Has anyone developed a custom tweedie distribution for sampling? How to implement once developed?

Hey Lucianopaz i have tried with custom tweedie distribution but i got the following error: below the given inputs are in numpy array. Please help me to solve this.

import scipy.special as sp

# Define the log probability function for the Tweedie distribution
def tweedie_logp(value, mu, p, phi):
    # Ensure positive values for mu, p, and phi
    mu = np.maximum(mu, 1e-10)
    p = np.maximum(p, 1e-10)
    phi = np.maximum(phi, 1e-10)

    # Calculate the log probability using the provided parameters and observed value
    logp_value = (
        (1 - p) * np.log(value / mu) - (value / (mu ** p * phi)) - np.log(phi)
        + np.log((1 - p) * mu ** (1 - p))
    )



    return logp_value.sum()


with pm.Model() as model:
    # Prior distributions for the unknown parameters

    # Prior distributions for the unknown parameters
    mu = pm.Normal('mu', mu=0, sigma=10)
    p = pm.Normal('p', mu=1.5, sigma=1)
    phi = pm.Gamma('phi', alpha=1, beta=1)

    # Priors for the binary variables
    offline_campaign_prior = pm.Bernoulli('MISX_campaign_prior', p=0.5)
    discounts_prior = pm.Bernoulli('PA_prior', p=0.5)
    promotion_events_prior = pm.Bernoulli('promotion_events_prior', p=0.5)
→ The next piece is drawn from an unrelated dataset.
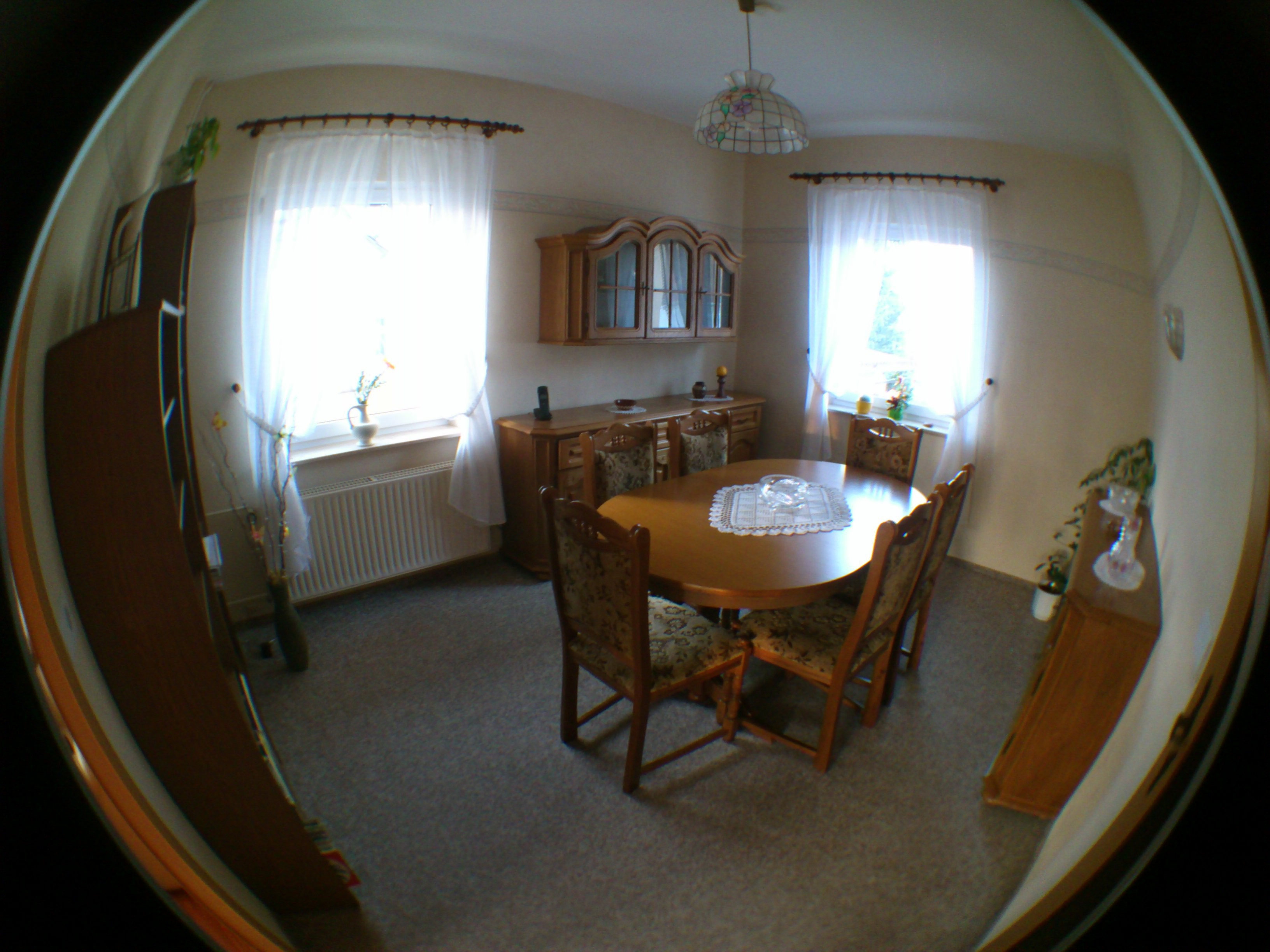 Digital photo, fisheye converter 0.53x (type: orthographic). Complete room (4 walls, ceiling and floor). A series of experiments showed the best quality at a somewhat greater distance between converter and smartphone. That's why I have not used the self-adhesive ring, but a socket of 3 mm thickness. Fisheye converter 0.28x (real 0.53x), XPERIA neo (MT15i)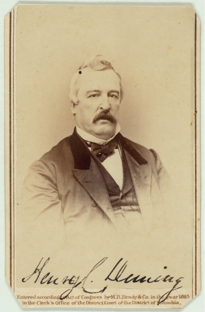 Henry Champion Deming (1815 - 1872), Congressman for Connecticut, Mayor of New Orleans

    # Compute the expected sales based on the variables
    expected_sales = (storedata['day_of_week'].values + storedata['month'].values + storedata['year'].values + storedata['MISX'].values * offline_campaign_prior +
                      storedata['Status'].values * discounts_prior +
                      storedata['event'].values * promotion_events_prior)
    

    # Define the observed sales as a data variable
    sales_observed = storedata['Rslr_Sales_Amount'].values


    # Define the likelihood using the custom Tweedie distribution
    sales = pm.DensityDist('sales_observed', logp=tweedie_logp, observed={'value': sales_observed, 'mu': expected_sales, 'p': p, 'phi': phi})
    

    # Define the model
    trace = pm.sample(1000, tune=1000)



error: TypeError                                 Traceback (most recent call last)
Cell In[123], line 45
     41 sales_observed = storedata['Rslr_Sales_Amount'].values
     44 # Define the likelihood using the custom Tweedie distribution
---> 45 sales = pm.DensityDist('sales_observed', logp=tweedie_logp, observed={'value': sales_observed, 'mu': expected_sales, 'p': p, 'phi': phi})
     48 # Define the model
     49 trace = pm.sample(1000, tune=1000)

File ~\AppData\Roaming\Python\Python38\site-packages\pymc\distributions\distribution.py:944, in CustomDist.__new__(cls, name, dist, random, logp, logcdf, moment, ndim_supp, ndims_params, dtype, *dist_params, **kwargs)
    929 def __new__(
    930     cls,
    931     name,
   (...)
    941     **kwargs,
    942 ):
    943     if isinstance(kwargs.get("observed", None), dict):
--> 944         raise TypeError(
    945             "Since ``v4.0.0`` the ``observed`` parameter should be of type"
    946             " ``pd.Series``, ``np.array``, or ``pm.Data``."
    947             " Previous versions allowed passing distribution parameters as"
    948             " a dictionary in ``observed``, in the current version these "
    949             "parameters are positional arguments."
    950         )
    951     dist_params = cls.parse_dist_params(dist_params)
    952     cls.check_valid_dist_random(dist, random, dist_params)

TypeError: Since ``v4.0.0`` the ``observed`` parameter should be of type ``pd.Series``, ``np.array``, or ``pm.Data``. Previous versions allowed passing distribution parameters as a dictionary in ``observed``, in the current version these parameters are positional arguments.